I’ve felt frankly overwhelmed by cultural experience and opportunities to reflect and write about. Thus, I’ve put off this latest entry until it could be perfect, or reflect exactly what is marinating in my head. But it won’t.
However, speaking of marinating. I’m going to write about food again. There are countless things to cover…the great “Mexican Pizza” we’ve discovered at the local joint, the two entire rows devoted to yogurt and like products at the local grocery store, why vegetables here are so cheap and good here, but no one seems to eat them, etc. But rather than vent or brag about particulars of the local eating habits, I want to rave, and reflect on the act of eating, the art of the French meal, and what we can learn. Particularly in light of Thanksgiving and the current Christmas season which will provide us opportunities for feasting with friends and family. I hope we do it well.
Le jour de l'Action de Grace (Thanksgiving) came and went here in Nantes without much great fanfare. I heard echoes of certain restaurants or home gatherings that would feature turkey (or some sort of available fowl) and other fixins. Jeff and I had a good friend from Atlanta in town, and decided to spend the evening with her, being thankful for being in France by enjoying a long, delicious French meal. I had a sumptious Boeuf Bourguignon and in true Thanksgiving style, when I was sure my stomach could hold nothing else, I still topped it off with a warm apple dessert, a la mode. In this case, it was Tarte Tatin - a regional specialty.
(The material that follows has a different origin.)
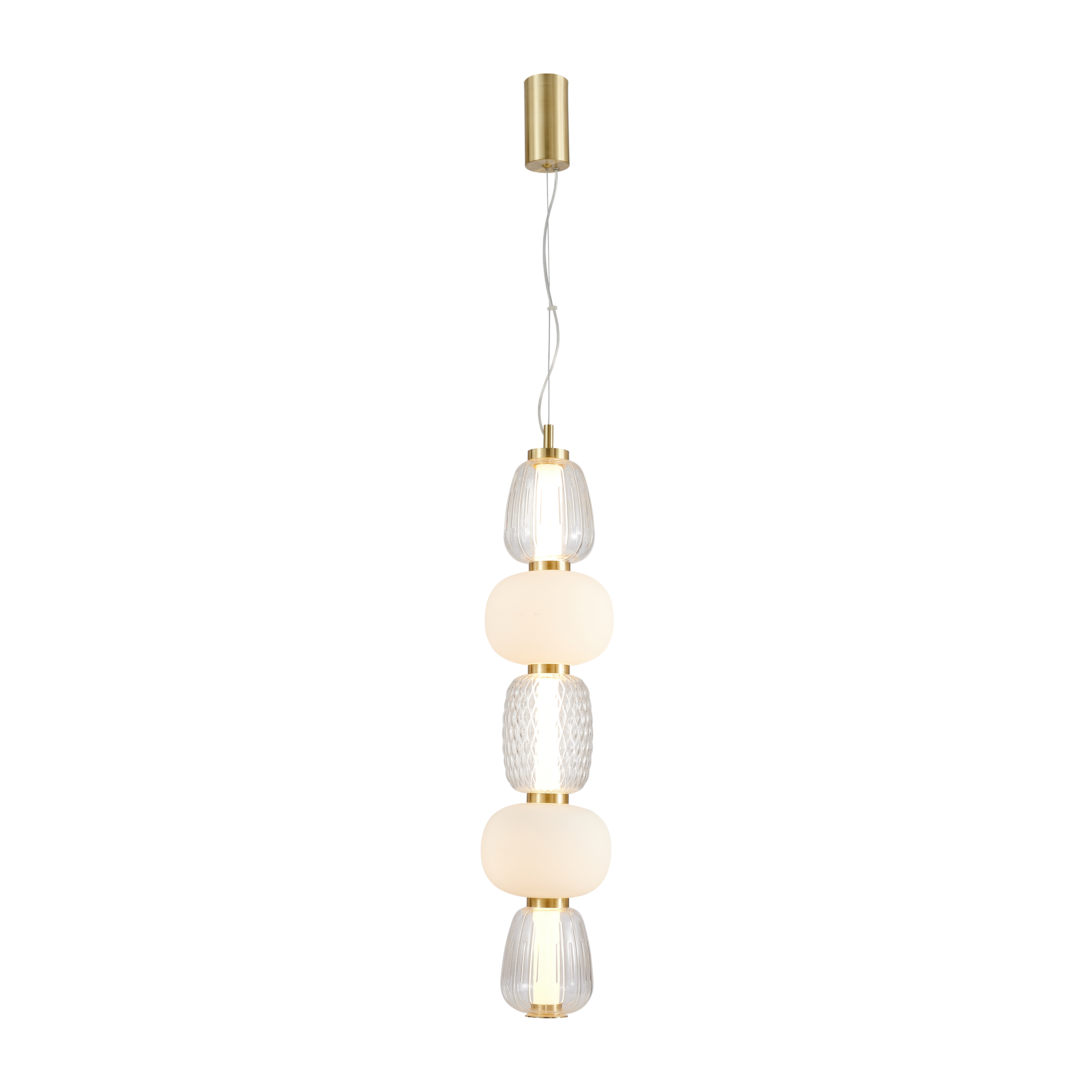 Чередование стеклянных плафонов разной формы, цвета и рисунка, а также цветовое решение каркаса в золоте создает насыщенный сложный и дорогой образ. Плафоны из стекла выдуваются вручную
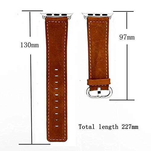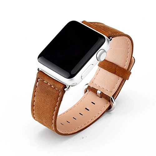 Apple Watch Leather Band, Genuine Leather Band Single Tour Replacement Smart Watch iWatch Strap Bracelet with Adapter Clasp for Apple Watch 38mm (Brown)

But what has my mind really spinning about the joy of communal eating and gathering at a common table, is our trip to a friends hometown the weekend following Thanksgiving. The drive itself merits a tall tale as it involved a freak snowstorm, iced-over highways, roadside snowmen, strange foreigners (that’s us!...well, just Rocky) pushing cars up a slippery hill which evidently locals deemed impassable. Ultimately, the trip which should have gotten us to the warm fires of Sylvain Le Mauff’s home in L’Hermitage Lorge at 9pm, drug us in around 11:15.
Despite our extreme tardiness, Sylvain’s family had let the set table sit for those 2 or so hours, and the feast commenced upon our arrival. Aperitif and snacks for an hour or so. Dinner served around 12:30, and we somehow managed room for dessert around 1:45. Come 2:30 or so, we realized we were quite tired. Spanish, Greeks…eat your heart out! (Well, actually the Spaniard and Greeks would have gone to the disco afterwards).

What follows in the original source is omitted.